Problem.
Working from the records below, repeat exactly the lines starting at the line that contains "ブラックニットキャミソール。" and ending at the line that contains "紧接着的是员工分享和HR答疑", inclusive.

Source data.
○ ○ ○ ○ ○
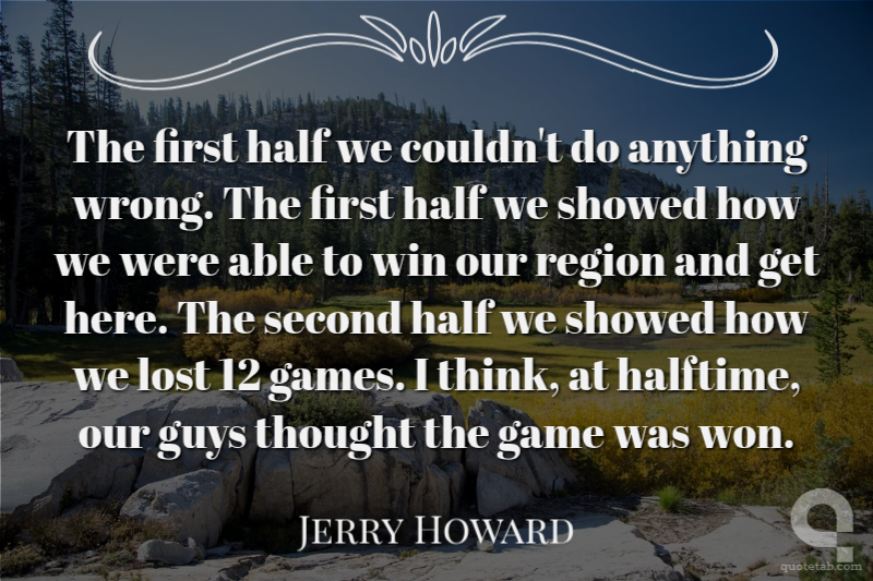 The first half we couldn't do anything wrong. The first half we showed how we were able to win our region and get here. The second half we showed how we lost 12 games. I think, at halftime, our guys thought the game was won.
○ ○ ○ ○ ○
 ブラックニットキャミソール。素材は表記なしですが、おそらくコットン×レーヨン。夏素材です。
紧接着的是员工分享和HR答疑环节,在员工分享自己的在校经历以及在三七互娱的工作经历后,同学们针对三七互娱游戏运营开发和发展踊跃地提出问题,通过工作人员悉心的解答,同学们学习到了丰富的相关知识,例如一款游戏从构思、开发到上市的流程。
○ ○ ○ ○ ○
Response to this exercise.
 ブラックニットキャミソール。素材は表記なしですが、おそらくコットン×レーヨン。夏素材です。
紧接着的是员工分享和HR答疑环节,在员工分享自己的在校经历以及在三七互娱的工作经历后,同学们针对三七互娱游戏运营开发和发展踊跃地提出问题,通过工作人员悉心的解答,同学们学习到了丰富的相关知识,例如一款游戏从构思、开发到上市的流程。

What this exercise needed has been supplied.